Nach einer Kranzniederlegung und Gedenken auf dem Jüdischen Friedhof zur Erinnerung an die Opfer der Reichspogromnacht am 9. November 1938 erklärt Bodo Ramelow, Fraktionsvorsitzender der LINKEN im Thüringer Landtag: "Erinnern, Mahnen, Handeln - das ist der Auftrag aus der Geschichte an alle Demokraten."

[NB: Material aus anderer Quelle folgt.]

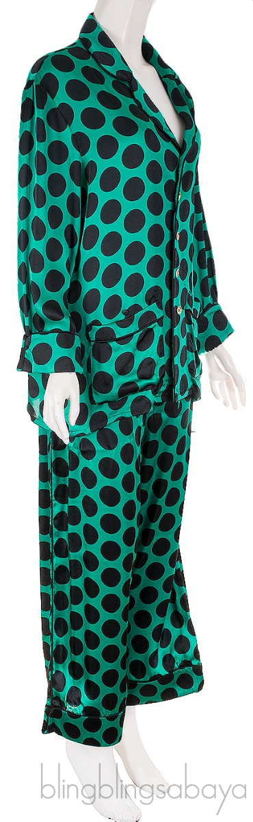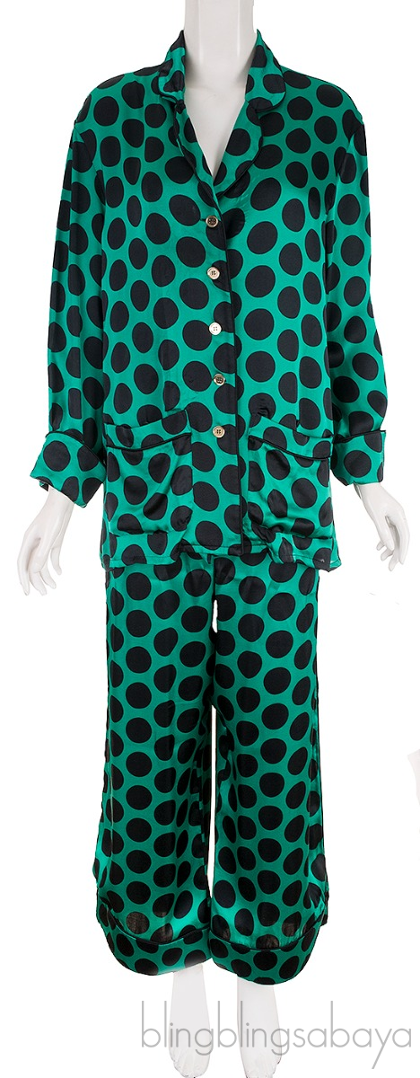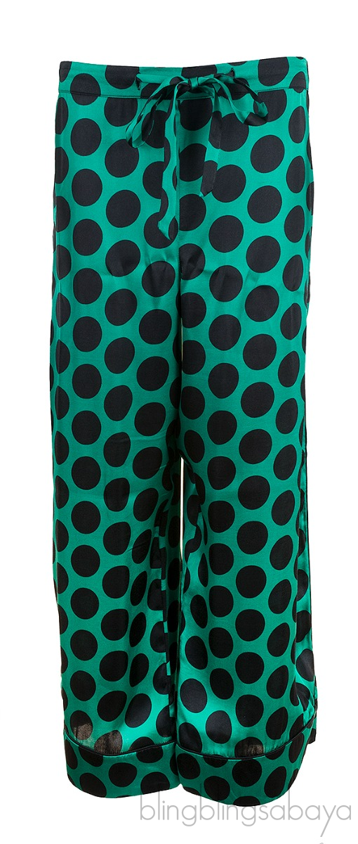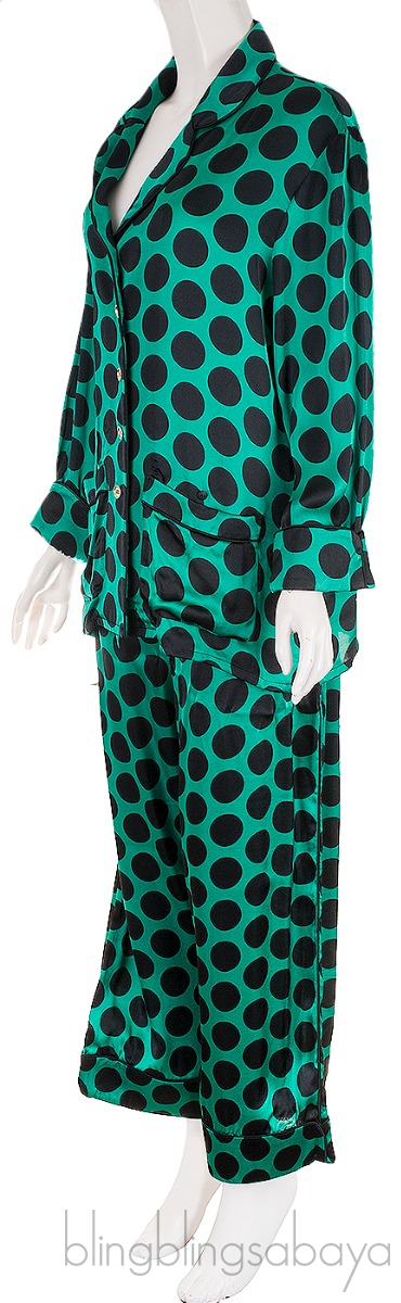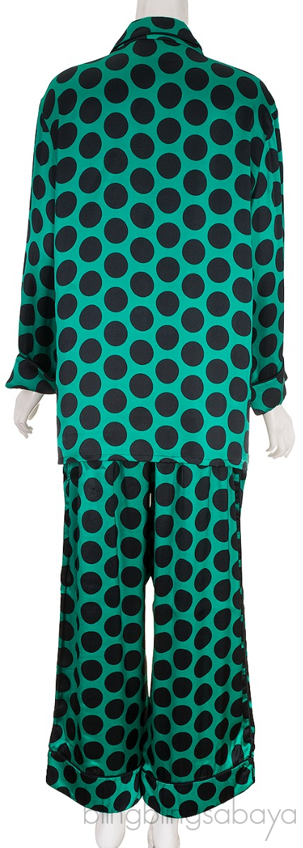 Green Polka-dot Satin Shirt & Pants from Halpern!

Alle gesellschaftlichen Kräfte seien gefragt, um menschenverachtenden Ideologien Einhalt zu gebieten. Ramelow sagt dies auch mit Blick auf das thüringische Kirchheim, das offenkundig zu einem zentralen rechtsextremen Veranstaltungsort in Thüringen avanciert. Ramelow appelliert an Ordnungs- und Sicherheitsbehörden, dem braunen Treiben in Thüringen einen Riegel vorzuschieben. "Gleichzeitig sollten engagierte Bürgerinnen und Bürger vor Ort aktiv unterstützt und ermutigt werden, ihren Widerstand gegen solche Veranstaltungen kundzutun. Thüringen darf nicht zum Tummelplatz der braunen Volksverhetzer-Szene werden!", so Ramelow.

Der Fraktionschef der LINKEN erneuert seine Forderung nach einem NPD-Verbot. "Ein erfolgreiches Verbotsverfahren der rechtsextremistischen Partei würde bedeuten, dass auch Thüringen alle Voraussetzungen dafür schaffen muss."